Building on Community Ties

The New Orleans Citizen Participation Project provides the opportunity for neighborhoods to help shape city government decisions, priorities, and solutions to common problems.
The New Orleans Citizen Participation Project provides the opportunity for neighborhoods to help shape city government decisions, priorities, and solutions to common problems. Committee for a Better New Orleans and the New Orleans
Citizen Participation Project

Community participation and collaboration that is broad and inclusive, researchers report, is crucial for building regional capacity and results in governance suited to the preferences of a locale. Regions that have developed their economies in a collaborative way find that the deliberative process is effective in establishing and maintaining consensus and understanding of decisions. The process can thus result in greater transparency in governance as well as in innovation and growth in civic capacity and resilience.18

The importance of the configuration of this collaborative process is no more apparent than in the case of two Rust Belt cities struggling to recover from the long-term stress of manufacturing decline, as chronicled in Sean Safford’s Why the Garden Club Couldn’t Save Youngstown. Safford, a fellow at the Massachusetts Institute of Technology, studied civic organizations in Allentown, Pennsylvania and Youngstown, Ohio that engaged in community problem solving in the 1970s and 1980s to address their communities’ economic decline.
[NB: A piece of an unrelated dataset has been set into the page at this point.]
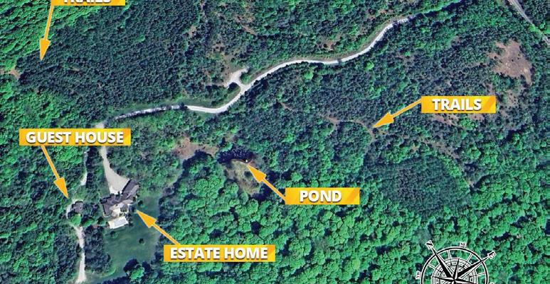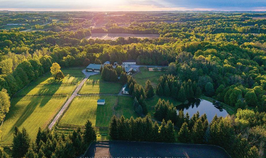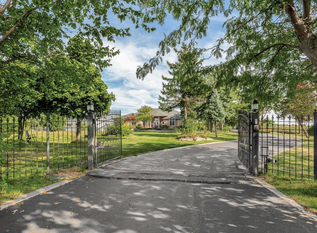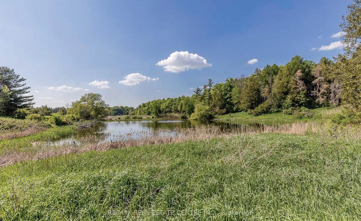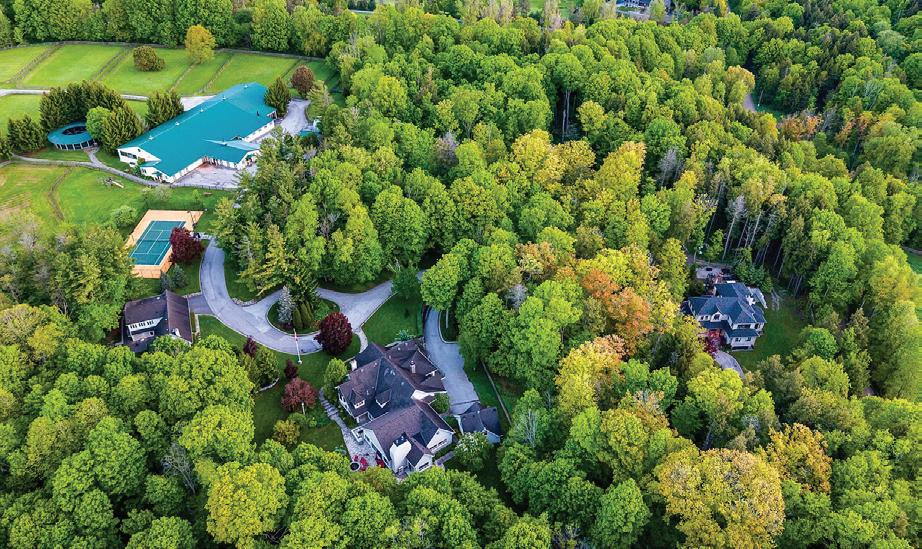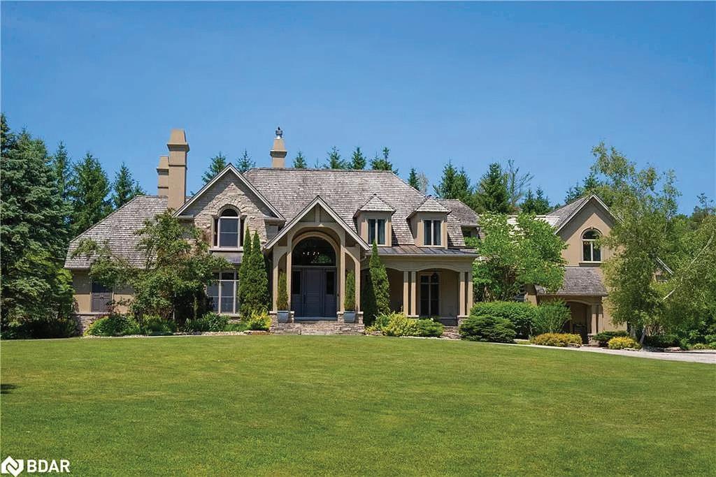 Welcome to this extraordinary private estate nestled on 92.15 acres of pristine forest, complete with a pond, stream, meadows and kilometers of private nature trails. A gated entrance framed by handcrafted Owen Sound stone pillars and wrought-iron gates leads to a winding drive and a secluded hilltop estate. Designed by an architect and built by Bristol Homes, this residence showcases impeccable craftsmanship with Owen Sound stone, copper accents, Indiana limestone window sills, and a 50-year Enviroshake roof ($275K). Inside, the grand foyer features heated slate floors and custom lighting. The formal living room boasts a stunning stone fireplace and arched windows, while the elegant library offers custom bookcases and solid wood finishes. The chef’s kitchen is both functional and beautiful, with granite counters, heated floors, a large breakfast bar, and camera monitors offering views of the gated entrance. The principal suite is a serene retreat with Brazilian mahogany floors, walk-out to the pool, and a luxurious ensuite. Two additional bedrooms share a well-appointed 5 pc.ensuite. The lower level is ideal for entertaining, featuring a theatre zone, games room, gym, sauna, and a state-of-the-art mechanical room. Outdoors, enjoy a heated saltwater pool, stone patio, and matching cabana with sauna and 100-amp service. The beautifully renovated separate 800 sq ft guest house includes two bedrooms and Loewen windows. A 1,500 sq ft four-bay garage offers 11-ft ceilings, radiant heating, and built-in sound. This rare offering combines total privacy with convenient access to Markham, Aurora, GO Transit, Hwy 407/404, and is just 50 minutes to Pearson Airport. This property is not just a home-it’s a Timeless Estate where Luxury and Nature Live in Harmony.

Safford found through rigorous comparative analysis that the effectiveness of these organizations’ efforts varied depending on the broader networks in which they were embedded.19 In Youngstown, which was less successful than Allentown at pulling out of economic decline, members of civic organizations such as the Red Cross or the Garden Club were unable to successfully work together for change because they were already well connected to one another in other social, civic, or economic roles (such as through clubs, churches, boards of directors, country clubs, or parent-teacher associations). Their close-knit, exclusive interactions tended to preserve the status quo and prevent the innovation that springs from exposure to new ideas and people with pertinent knowledge and competencies.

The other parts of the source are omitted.